April 6, 2011

Loose Change

I hate change. I know that it's inevitable and often for the best. I know that resisting it is a losing battle. But I just don't like it.

A few examples:
Moving. We are currently in the process of selling our condo. We really need more space. We want to give the boys a backyard and live closer to school and work. I want to move out yesterday. But. There's always a "But." Fast forward to the day when we close this door behind us. I will be in the kitchen hugging a wall, crying, feeling guilt, regret and huge sadness over leaving the first home my husband and I bought together and brought our new babies home to. I will have terrible seller's remorse and under no circumstances will I want to leave. I will have to be pried away with a pliers.

OPH This was the restaurant my family owned growing up. A year after my dad died my mom sold it. It had been a massive albatross and she couldn't get rid of it fast enough. I considered selling it a terrorist act. My dad built it from the ground up. It was where I had grown up, worked, had my birthday parties, spent time with my family after school, on weekends and during the summer. It was the place where I first fell in love. (Okay, I was 13 and it was puppy love. But still.) It was my home. Selling it was unfathomable to me. I wanted to box the restaurant up and keep it in my room – not hand it over to someone else who couldn't possibly take care of it like we did. Yet, we sold. My mom was free and entered a less-stressful phase of her life. I entered therapy.

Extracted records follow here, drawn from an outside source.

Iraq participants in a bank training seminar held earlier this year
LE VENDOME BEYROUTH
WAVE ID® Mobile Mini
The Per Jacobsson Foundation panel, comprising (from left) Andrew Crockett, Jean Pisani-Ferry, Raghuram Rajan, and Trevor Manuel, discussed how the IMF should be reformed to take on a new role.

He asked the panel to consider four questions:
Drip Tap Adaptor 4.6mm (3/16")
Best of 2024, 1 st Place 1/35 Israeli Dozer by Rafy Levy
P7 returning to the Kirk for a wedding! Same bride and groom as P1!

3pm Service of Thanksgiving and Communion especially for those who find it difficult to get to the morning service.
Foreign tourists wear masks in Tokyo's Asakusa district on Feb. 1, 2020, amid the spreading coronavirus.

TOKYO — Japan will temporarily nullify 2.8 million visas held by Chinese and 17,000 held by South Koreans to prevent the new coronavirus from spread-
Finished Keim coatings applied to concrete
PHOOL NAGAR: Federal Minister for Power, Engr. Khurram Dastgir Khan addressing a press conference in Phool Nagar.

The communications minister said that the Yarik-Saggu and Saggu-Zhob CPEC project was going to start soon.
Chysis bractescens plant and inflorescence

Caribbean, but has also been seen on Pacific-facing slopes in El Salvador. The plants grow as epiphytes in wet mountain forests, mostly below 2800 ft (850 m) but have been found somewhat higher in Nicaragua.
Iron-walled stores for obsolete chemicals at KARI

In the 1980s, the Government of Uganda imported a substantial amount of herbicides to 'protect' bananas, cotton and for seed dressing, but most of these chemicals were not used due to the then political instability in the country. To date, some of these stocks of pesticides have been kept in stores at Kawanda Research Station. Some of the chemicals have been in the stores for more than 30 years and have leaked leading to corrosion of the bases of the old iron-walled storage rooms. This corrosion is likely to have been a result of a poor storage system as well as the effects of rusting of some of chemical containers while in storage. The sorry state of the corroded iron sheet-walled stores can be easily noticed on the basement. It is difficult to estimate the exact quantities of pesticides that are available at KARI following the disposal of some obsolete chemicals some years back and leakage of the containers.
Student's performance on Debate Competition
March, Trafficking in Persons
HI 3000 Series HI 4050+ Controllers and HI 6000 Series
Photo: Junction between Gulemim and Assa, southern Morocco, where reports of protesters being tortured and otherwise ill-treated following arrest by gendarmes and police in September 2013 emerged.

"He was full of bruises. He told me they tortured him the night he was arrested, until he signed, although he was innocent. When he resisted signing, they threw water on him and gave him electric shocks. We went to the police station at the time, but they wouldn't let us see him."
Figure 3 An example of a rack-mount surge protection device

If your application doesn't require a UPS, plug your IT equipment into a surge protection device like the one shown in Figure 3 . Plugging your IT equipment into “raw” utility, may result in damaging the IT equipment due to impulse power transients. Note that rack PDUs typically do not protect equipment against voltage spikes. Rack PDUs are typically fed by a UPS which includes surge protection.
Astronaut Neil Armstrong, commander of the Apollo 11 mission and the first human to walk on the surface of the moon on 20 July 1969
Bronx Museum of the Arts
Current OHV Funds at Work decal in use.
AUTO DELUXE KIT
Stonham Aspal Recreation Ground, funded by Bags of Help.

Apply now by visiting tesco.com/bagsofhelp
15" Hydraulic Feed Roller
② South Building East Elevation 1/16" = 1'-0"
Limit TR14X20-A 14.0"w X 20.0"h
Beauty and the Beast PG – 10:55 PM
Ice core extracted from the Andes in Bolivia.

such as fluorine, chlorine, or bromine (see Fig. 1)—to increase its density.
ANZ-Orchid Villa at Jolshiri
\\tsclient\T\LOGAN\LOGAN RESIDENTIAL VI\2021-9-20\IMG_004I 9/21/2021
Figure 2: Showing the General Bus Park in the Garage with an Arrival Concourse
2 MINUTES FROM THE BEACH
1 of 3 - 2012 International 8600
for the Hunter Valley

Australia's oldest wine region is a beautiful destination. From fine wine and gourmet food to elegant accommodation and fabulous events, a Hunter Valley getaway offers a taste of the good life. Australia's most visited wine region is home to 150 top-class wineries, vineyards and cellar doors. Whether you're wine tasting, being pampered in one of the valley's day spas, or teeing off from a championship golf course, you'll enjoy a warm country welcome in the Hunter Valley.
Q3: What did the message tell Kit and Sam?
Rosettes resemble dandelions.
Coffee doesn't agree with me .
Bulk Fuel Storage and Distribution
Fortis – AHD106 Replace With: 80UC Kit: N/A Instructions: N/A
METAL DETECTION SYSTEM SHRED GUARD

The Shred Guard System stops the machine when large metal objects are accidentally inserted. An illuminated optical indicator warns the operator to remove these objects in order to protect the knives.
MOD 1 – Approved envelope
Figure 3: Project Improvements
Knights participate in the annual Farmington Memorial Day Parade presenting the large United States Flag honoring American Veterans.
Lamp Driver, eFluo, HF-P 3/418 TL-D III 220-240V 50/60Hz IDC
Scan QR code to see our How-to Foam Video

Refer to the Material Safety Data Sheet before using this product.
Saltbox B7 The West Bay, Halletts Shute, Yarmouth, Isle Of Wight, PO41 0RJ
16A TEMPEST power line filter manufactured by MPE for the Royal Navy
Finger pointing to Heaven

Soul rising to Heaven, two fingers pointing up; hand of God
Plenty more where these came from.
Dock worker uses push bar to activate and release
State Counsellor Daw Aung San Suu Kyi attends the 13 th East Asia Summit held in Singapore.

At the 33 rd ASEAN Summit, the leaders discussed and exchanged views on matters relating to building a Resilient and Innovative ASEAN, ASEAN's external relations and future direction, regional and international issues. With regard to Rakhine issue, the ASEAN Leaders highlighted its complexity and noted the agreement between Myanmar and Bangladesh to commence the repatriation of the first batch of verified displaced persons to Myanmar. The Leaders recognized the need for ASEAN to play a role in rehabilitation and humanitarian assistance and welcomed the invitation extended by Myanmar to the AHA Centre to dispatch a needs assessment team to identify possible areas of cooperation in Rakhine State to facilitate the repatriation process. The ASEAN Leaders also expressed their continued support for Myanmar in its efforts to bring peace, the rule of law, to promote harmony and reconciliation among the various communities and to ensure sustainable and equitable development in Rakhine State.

The Sears Tower.  I will never call it anything else. Also, will I not tell my kids it has any other name.


Nail polish. The minute I commit to a new color I regret it. Weeks later, when I remove the chipped and faded remains of "Friar Friar Pants on Fire!" from my toes I actually have a bit of anxiety over it. Maybe it wasn't such a hideous color after all. Maybe I should give it another try. Yes, I'm serious.

But back to my point. (I do have one.)

Last week we discovered that our oldest son, who's almost six, has two loose teeth. His first. He was beyond excited as everyone in his class had already started losing teeth. I made a huge deal of this, hugging him, telling him how exciting this was and that I'd call the tooth fairy immediately to let her know. We did a little happy dance. Then I went into my bathroom and cried.

For the past six years I've wondered when my boys would make certain changes. Start sleeping through the night, potty train, eat like human beings. But losing their baby teeth was never one of those milestones I had looked forward to. I love their tiny, perfect little baby teeth – how their faces look with their little smiles. This change makes me mourn all the little things about them, that soon won't be so little anymore.

Because despite all the hardships of raising young kids, I know that these are the sweet years. And although some days feel like they are 120 hours long, the years fly by way too fast. I want my boys to stay small and snuggly and not turn into teenagers who remind me I'm not cool, slam doors in my face and tell me that I don't understand anything. Losing their baby teeth is the first real physical part of this process and I want to slam the door on this evolution.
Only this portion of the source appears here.